L’A10 considera il traffico esterno che converte come uno dei segnali di rilevanza più forti in assoluto. Un acquisto derivato da Google Ads pesa molto di più, in termini di ranking, rispetto a un acquisto derivato da una campagna Sponsored Products interna.
5. Conviene usare Google Ads o Amazon DSP per il retargeting?
Dipende dal budget e dai margini. Amazon DSP ha un costo di ingresso elevato ma sfrutta dati proprietari infallibili sui comportamenti di acquisto. I motori di ricerca esterni sono più flessibili e ottimi per l’acquisizione di nuovi clienti a costi più contenuti.
6. Qual è il budget minimo per testare il traffico esterno in modo affidabile?
Non esiste una cifra magica, ma sconsigliamo di fare test con meno di 1.500-2.000 euro al mese per canale. Cifre inferiori non permettono all’algoritmo della piattaforma pubblicitaria di raccogliere dati sufficienti per ottimizzare le conversioni.

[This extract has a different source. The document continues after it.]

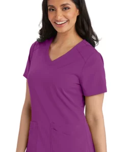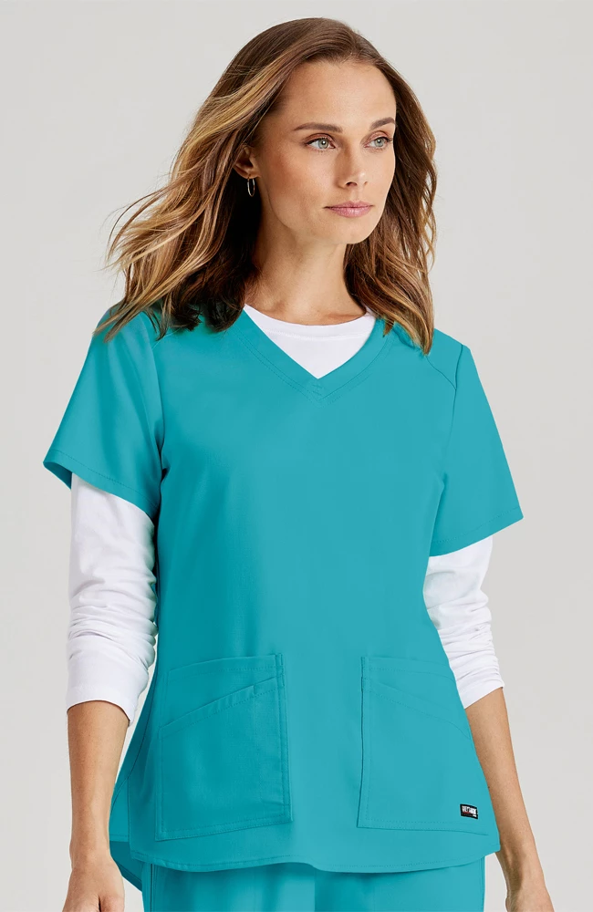 Find your happy place with the breathable, easy-fitting Spandex Stretch by Grey’s Anatomy Women’s V-Neck Solid Scrub Top. The curved shirttail hemline makes this scrub top look great tucked in or out, along with the symmetrical mirrored front pocket design.

7. In che modo l’intelligenza artificiale riduce i costi di queste campagne?
L’IA analizza milioni di data point in tempo reale, abbassando i bid nelle ore in cui le conversioni sono storicamente minori e alzandoli quando c’è alta probabilità di acquisto. Questo elimina lo spreco di budget tipico delle gestioni manuali umane.
8. Come misuro il reale impatto delle campagne esterne sul mio BSR?
Devi isolare le variabili. Usa Amazon Attribution per tracciare le vendite dirette e monitora il tuo Total ACoS (TAACoS) e il Best Sellers Rank (BSR) nelle 3-4 settimane successive all’accensione della campagna esterna. L’effetto halo sulle vendite organiche sarà evidente.
Il tempo dei compromessi è finito. Il marketing su Amazon non è più una disciplina per smanettoni del fine settimana o agenzie che usano metodi del 2019. L’integrazione di strategie esterne e automazione interna separa i brand che dominano la categoria da quelli che lottano per i margini. Se hai un team stanco e risultati piatti, il problema non è il mercato. È lo strumento che stai usando.